Fed on lookout for recession but still sees strong economy: minutes - iamspoilt
https://www.reuters.com/article/us-usa-fed-minutes/fed-on-lookout-for-recession-but-still-sees-strong-economy-minutes-idUSKBN1JV2L2
======
reallymental
The yield curve has been flattening for a while now, especially for longer
term (10Y, 20Y, 30Y T-Bills) securities [0, 1, 2].

As confidence in the government (i.e through a trade war) dips, as interest
rate hikes become more of a reality, and as increasing amount of companies
come forth with weirdly worded statements about their 'strong financials' and
'consistent growth', everyone is running for the hills.

No one needs to toot their horn when they're on a bull run, everyone can see
it, and everyone is on their own run. It's only when no one can see you're
having (or you will have) 'strong financials' that you need to announce it.
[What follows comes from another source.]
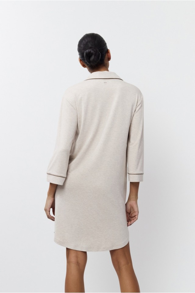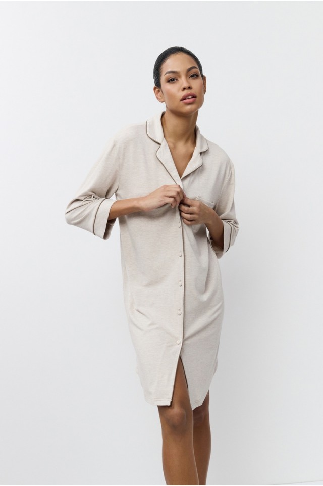 Сорочка женская KARINE для максимального комфорта и расслабления. Выполнена из эластичной вискозы. Сорочка рубашечного кроя, на пуговицах, с отложным воротником и нагрудным карманом, рукава 3/4. Окантовка добавляет изысканности изделию. Сорочка станет вашим идеальным спутником во время сна.

And it seems like you need someone to announce their strong position to keep
the heard mentality of a bull run going on.

I very well might be wrong.

[0]
[https://fred.stlouisfed.org/series/T10Y2Y](https://fred.stlouisfed.org/series/T10Y2Y)
[1]
[https://fred.stlouisfed.org/series/DFII20](https://fred.stlouisfed.org/series/DFII20)
[2]
[https://fred.stlouisfed.org/series/DFII30](https://fred.stlouisfed.org/series/DFII30)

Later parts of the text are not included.